There was plenty of interest in the DuPont Company’s annual meeting this year due to a heated proxy contest. Trian Fund Management (holder of about 2.7% of the common shares) nominated and solicited votes for four directors. If elected, these nominees (including Trian’s president, Nelson Peltz) stood to bump four of the 12 management nominees and thereby acquire a 1/3 vote on the DuPont board.
There is often a negotiated settlement in such situations, and DuPont offered to accept one of the Trian nominees (not Peltz) on the board. This offer was rejected, and the two sides squared off in support of their respective positions.
Trian claimed DuPont was too big and had grown complacent. The company held assets that were unrelated to its business. (The DuPont Theater was sold several months later, and before the meeting DuPont was reportedly soliciting bids for its hotel and country club). There was $2-4 billion of excess overhead, too many businesses in the portfolio, and earnings targets had been repeatedly missed.
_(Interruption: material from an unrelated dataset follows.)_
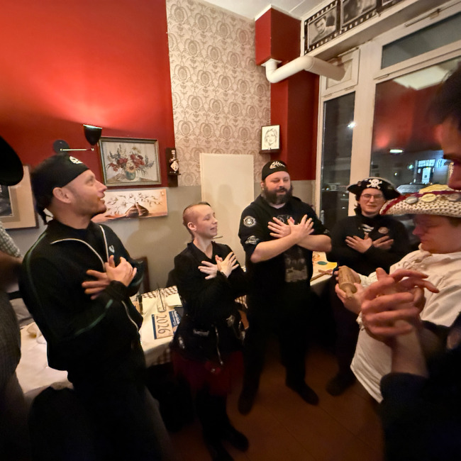 Gar nicht so sehr lange nach der Sommernudelmesse trafen sich am 17.01.2026 die Spreeräuber wieder einmal zu einer zünftigen Nudelmesse. Diesmal im Da Pia – mitten in Berlin. Einige bekannte Gesichter aus früheren Nudelmessen waren dabei und mit Spreeräuber-Kapitän Käptn Flunkenfug und Tini Tortellini auch schon alte Hasen der Freibeuterschaft. Aber auch ganz neue Pastafari durften wir begrüßen. Leider hatte irgend so ein Miststück namens Virus Bruder Spaghettus und Elli Spirelli flachgelegt, das war schade, konnte uns aber nicht davon abhalten, es uns gut gehen zu lassen und dem Monster ordentlich zu huldigen.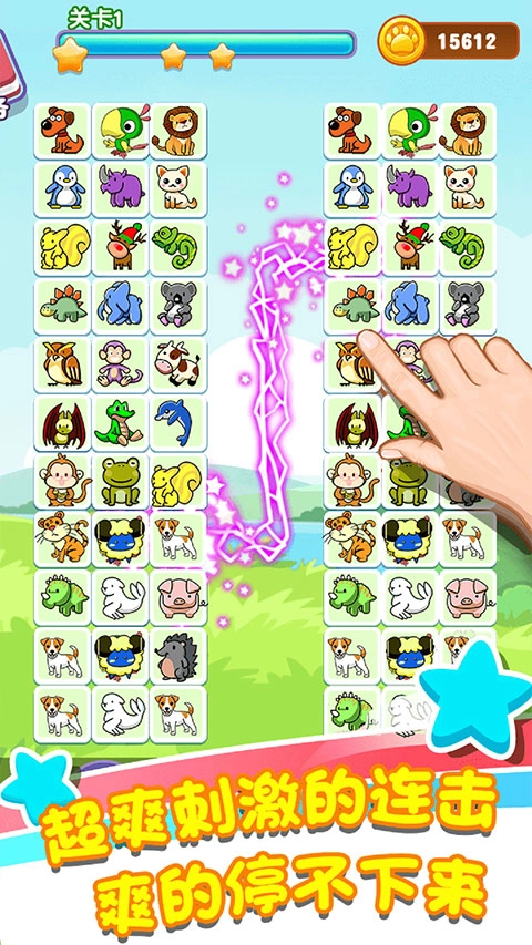 1. 经典的连连看模式之中,消除两个相近的大动物块,注意消除之后的连接线不能超过两个角。

A pending spinoff of performance chemicals businesses seemed like a step in the right direction, but consideration should be given to spinning off some other businesses as well.
DuPont management responded that the company’s stock value had risen smartly in recent years, showing that the existing business strategy was working. Corporate overhead had been and would continue to be managed carefully, but it would be shortsighted to slash the research budget and thereby jeopardize future growth and earnings. Further spinoffs would be counterproductive, given synergies between businesses in the portfolio. And the Trian nominees had little experience in the chemical industry.
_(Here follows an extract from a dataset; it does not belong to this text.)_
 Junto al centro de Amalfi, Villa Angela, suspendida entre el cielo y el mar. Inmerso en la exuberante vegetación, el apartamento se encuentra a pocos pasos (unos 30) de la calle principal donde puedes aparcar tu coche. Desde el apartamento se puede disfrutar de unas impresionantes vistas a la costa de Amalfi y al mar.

Several proxy advisory firms announced support for some or all of the Trian nominees, basically buying the claim that the adjustments being recommended would result in a higher stock price. Delawareans were generally supportive of the existing management; many complained that Peltz et al. were excessively focused on the bottom line and had downplayed DuPont’s obligations to its customers, employees and the general public.
When the votes were tallied on May 13, it was found that DuPont management had carried the day – Trian’s first ever loss in a proxy contest – with the votes of individual stockholders providing the margin of victory. Having been bombarded with proxy materials from both sides, an unusually high percentage of these “retail” investors had filled out and returned their proxy forms. DuPont’s stock price fell sharply, closing down by $5.03 (6.8%) for the day from the adjusted close on May 12.
Was this a story of activist investors intent on reaping quick gains – by slashing DuPont expenses, leveraging up its balance sheet, buying back its stock, and then selling their stake & moving on – who had been repelled by a management team focused on building value for the longer term?
If so, it seemed that those who believe “shareholder value” is the measure of corporate excellence, trumping the interests of customers, employees, and the general public, had received their comeuppance!
As activist investors go, however, Nelson Peltz et al. have a reputation for taking a relatively long-term view of corporate performance. And the DuPont management team has been by no means indifferent to investor demands for improving financial results in the here and now. The stockholders did not have a choice between black and white, in other words, but rather between two different shades of gray.
Moreover, there is no need to reject financial results as the criteria for evaluating performance in favor of a composite scorecard that purports to measure results from the standpoint of all stakeholders. If other stakeholders are not being properly served, e.g., customers are not getting quality products at competitive prices, their dissatisfaction will be reflected in the financial results soon enough.
Criticism of the shareholder value model is often accompanied by suggestions for government intervention to compensate for the presumed deficiencies of capitalism. Shareholder value is OK, but cronyism is a problem, SAFE blog, 9/15/14.
Thus, former Senator Ted Kaufman has written column after column for the News Journal advocating SEC regulation of corporate stock buybacks (9/7/14), supporting EPA restrictions on carbon emissions (6/29/14), demanding further financial reforms because the Dodd-Frank Bill didn’t fix the “too big to fail” (TBTF) problem (6/8/14), etc. The real moral is not that the shareholder value model was weighed and found wanting, but rather that the DuPont management team had a good record and made its case effectively. And Trian deserves credit for offering their ideas, at least some of which have been or will be implemented, not brickbats for trying to upset the applecart. Capitalism wins at DuPont, Wall Street Journal, 5/13/15.
DuPont shareholders were fortunate to be able to consider credible alternatives. Mr. Peltz has proven at H.J. Heinz and elsewhere that he can add value as a board member with formidable analytical skills and a laser-focus on shareholder return. And DuPont CEO Ellen Kullman has earned investor confidence with her market-beating returns since assuming the top job in 2009.